Why I Am Not An Agnostic...
November 19, 2007 09:10 AM
About William Bennett's K-12, Inc. and similar companies.
Sure, they have a pleasant-sounding mission statement: "To provide any child access to exceptional curriculum and tools that enable him or her to maximize his or her success in life, regardless of geographic, financial, or demographic circumstance."
But I've always been suspicious, and I can't ignore Reed Hundt's take on William Bennett. It's from an old TPM Cafe blog post by Hundt, the former FCC chairman. The title is "A true story about Bill Bennett."

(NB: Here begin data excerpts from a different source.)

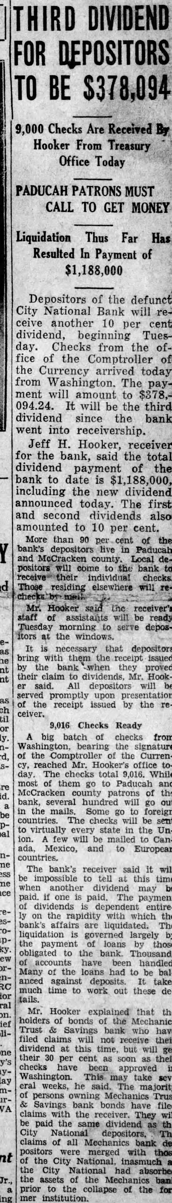 THIRD DIVIDEND FOR DEPOSITORS TO BE $378,094 9,000 Checks Are Received By Hooker From Treasury Office Today PADUCAH PATRONS MUST CALL TO GET MONEY Liquidation Thus Far Has Resulted In Payment of $1,188,000 Depositors of the defunct City National Bank will receive another 10 per cent dividend. beginning Tuesday. Checks from the office of the Comptroller of the Currency arrived today from Washington. The payment will amount to $378,094.24. It will be the third dividend since the bank went into receivership. Jeff H. Hooker, receiver for the bank, said the total dividend payment of the bank to date is $1,188,000, including the new dividend announced today. The first and second dividends also amounted to 10 per cent. More than 90 per cent of the bank's depositors live in Paducah and McCracken county. Local positors will come to the bank to individual checks. Those residing elsewhere will Mr. Hooker said the receiver's staff of assistants will be ready Tuesday to serve depositors at the windows. It necessary that depositors bring with them receipt issued by bank -when they proved their claim to dividends, Mr. Hooker said. All depositors will be served promptly upon presentation of the receipt issued by the receiver. 9,016 Checks Ready A big batch of checks from bearing the signature of the of the Currency, reached Mr. office today. The checks total 9,016. While most of them go to Paducah and patrons of the bank, several will go out in the mails. Some go to foreign countries. The checks will be to virtually every state in the Union. few will mailed Canada, Mexico, and to European countries. The bank's receiver said it will be impossible to tell this time when another dividend may be paid. one is paid. The payment of dividends dependent entireon the rapidity with which the bank's affairs liquidated. The liquidation is governed largely by payment loans by those obligated to the bank. Thousands of accounts have been handled. Many of the loans had to be balanced against deposits. takes much time to work out these details. Mr. Hooker explained that the holders of bonds of the Mechanics Trust Savings bank have filed claims will not receive their dividend at this time, but will get their 30 per cent as soon their checks been approved in Washington. This take several weeks, he said. The majority of persons owning Mechanics Trust Savings bank bonds have filed claims with the receiver. They will be paid the same dividend the City National depositors. The claims of all Mechanics bank depositors were merged with those the City National, inasmuch the City National had absorbed the assets of the Mechanics bank prior to the collapse of the former institution.
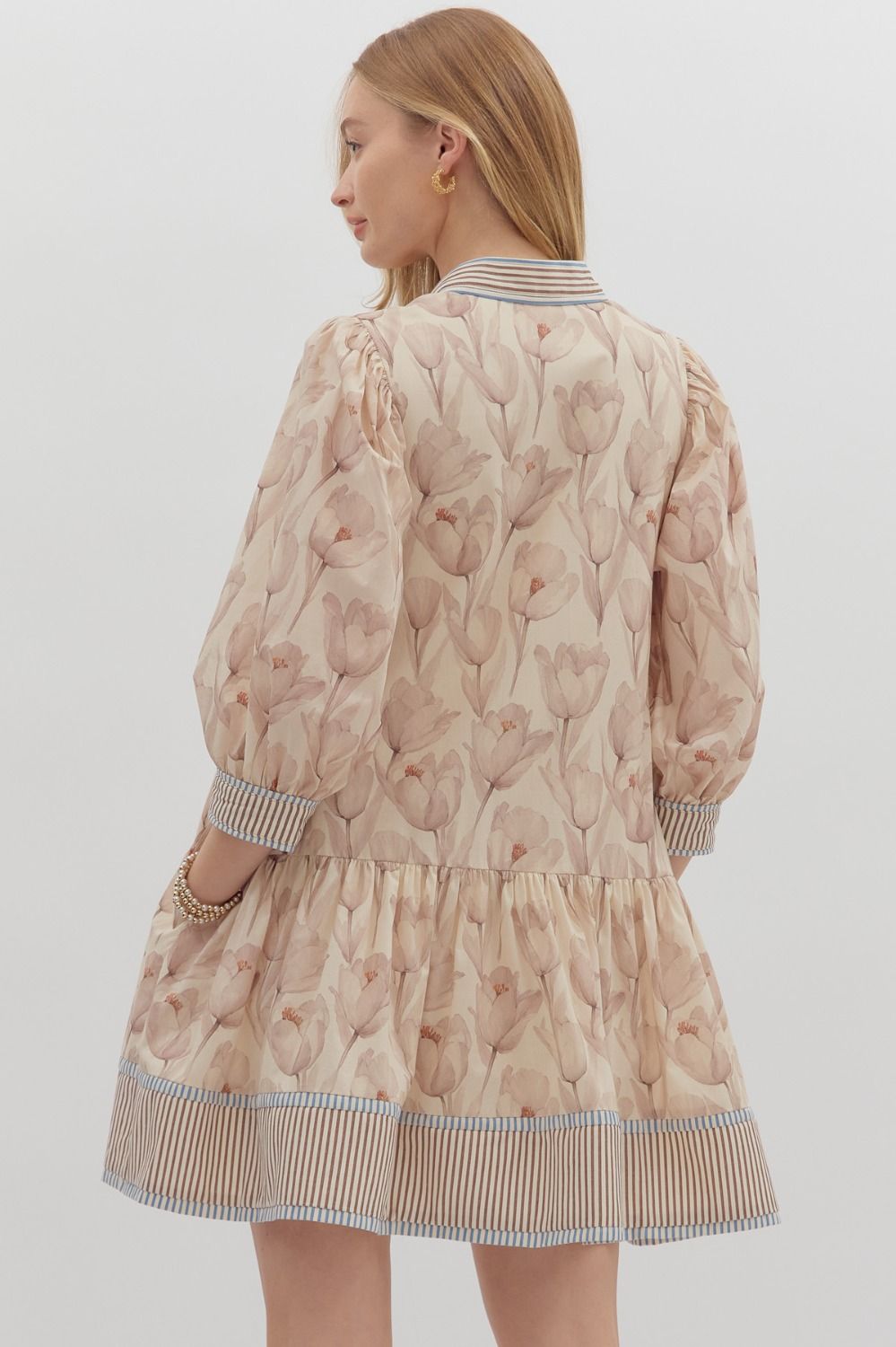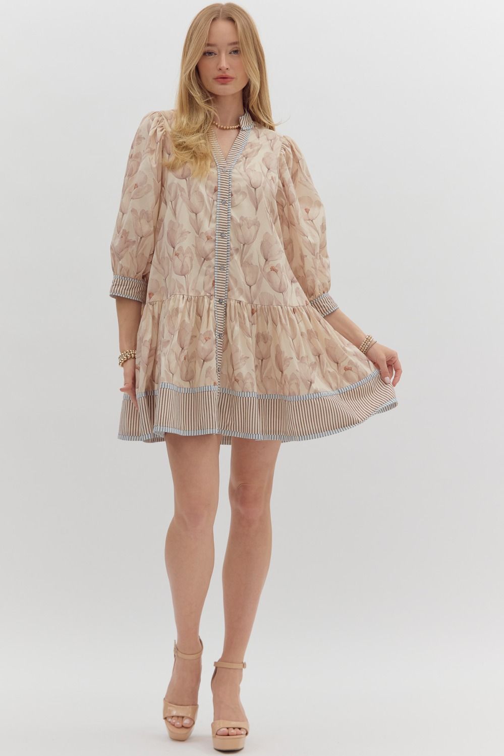 FLORAL PATH-Ecru muted floral print ruffle hem dress
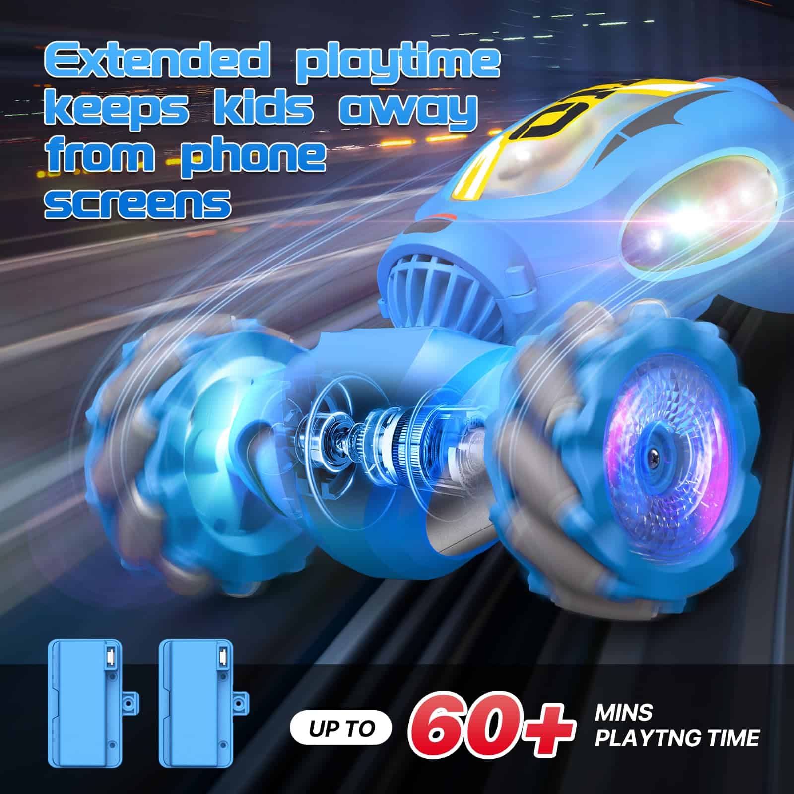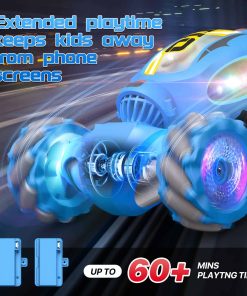 1. Duradero y de larga duración: Baterías recargables duales garantizan un tiempo de juego prolongado, permitiendo a los usuarios disfrutar de la diversión de las carreras durante 60-80 minutos. Nuestro coche de acrobacias presenta una estructura resistente y neumáticos a prueba de colisiones, asegurando que pueda resistir cientos de sesiones de juego áspero y diversos terrenos desafiantes. 2. Fácil de usar con tecnología de control remoto dual: Experimenta la conducción de un coche rc con un reloj de control de gestos y un control remoto tradicional. La tecnología 2.4G es fácil de operar y admite múltiples jugadores sin interferencias. Las maniobras incluyen rotación de 360 grados, conducción de doble cara, hacia adelante, hacia atrás, giros a izquierda y derecha. 3. Iluminación llamativa y múltiples características de acrobacias: El cuerpo transparente del coche rc tiene luces LED de colores, haciendo que las carreras nocturnas sean impresionantes y entretenidas. También cuenta con un modo de conducción de serpiente, permitiendo a los niños cambiar entre la conducción normal y la conducción de serpiente con el control remoto. 4. Se adapta a diversos terrenos: El coche teledirigido está diseñado para manejar diversos terrenos como carreteras, arena, hierba y rocas, permitiendo una experiencia de carreras inmersiva tanto en interiores como en exteriores. 5. Regalo sorpresa para los niños: Este coche rc es un juguete ideal para niños y niñas adolescentes, convirtiéndolo en un regalo perfecto para cumpleaños, Pascua, Día del Niño, Navidad o fiestas
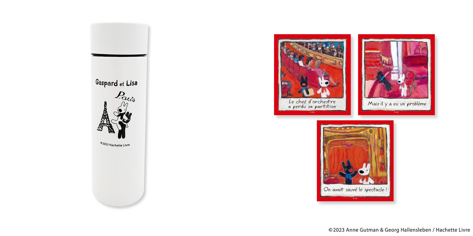 10月20日(金)より『Gaspard et Lisa BOOK STORE』フェアを全国の一部書店にて開催いたします。このフェアでは、シリーズ最新作「リサとガスパール オペラざへいく」のイラストを使用した書店限定グッズを多数発売いたします。豪華絢爛なパリのオペラ座を舞台にしたキュートなふたりの物語より、初めてシリーズでグッズを展開しております。商品ラインナップは、ポケットサーモボトル、ステッカー3枚セット、ミニタオル、ミニフレームマグネット(全2種)、3連メタルキーホルダー、ブック型付箋、アクリルペンスタンドの全7アイテムです。

When I was chairman of the Federal Communications Commission (1993-97), I asked Bill Bennett to visit my office so that I could ask him for help in seeking legislation that would pay for internet access in all classrooms and libraries in the country. Eventually Senators Olympia Snowe and Jay Rockefeller, with the White House leadership of President Clinton and Vice President Gore, put that provision in the Telecommunications Law of 1996, and today nearly 90% of all classrooms and libraries do have such access. The schools covered were public and private. So far the federal funding (actually collected from everyone as part of the phone bill) has been matched more or less equally with school district funding to total about $20 billion over the last seven years. More than 90% of all teachers praise the impact of such technology on their work. At any rate, since Mr. Bennett had been Secretary of Education I asked him to support the bill in the crucial stage when we needed Republican allies. He told me he would not help, because he did not want public schools to obtain new funding, new capability, new tools for success. He wanted them, he said, to fail so that they could be replaced with vouchers,charter schools, religious schools, and other forms of private education."
So, I am not agnostic about a company led by someone who wants public schools to fail. I think such a company should not receive public funds.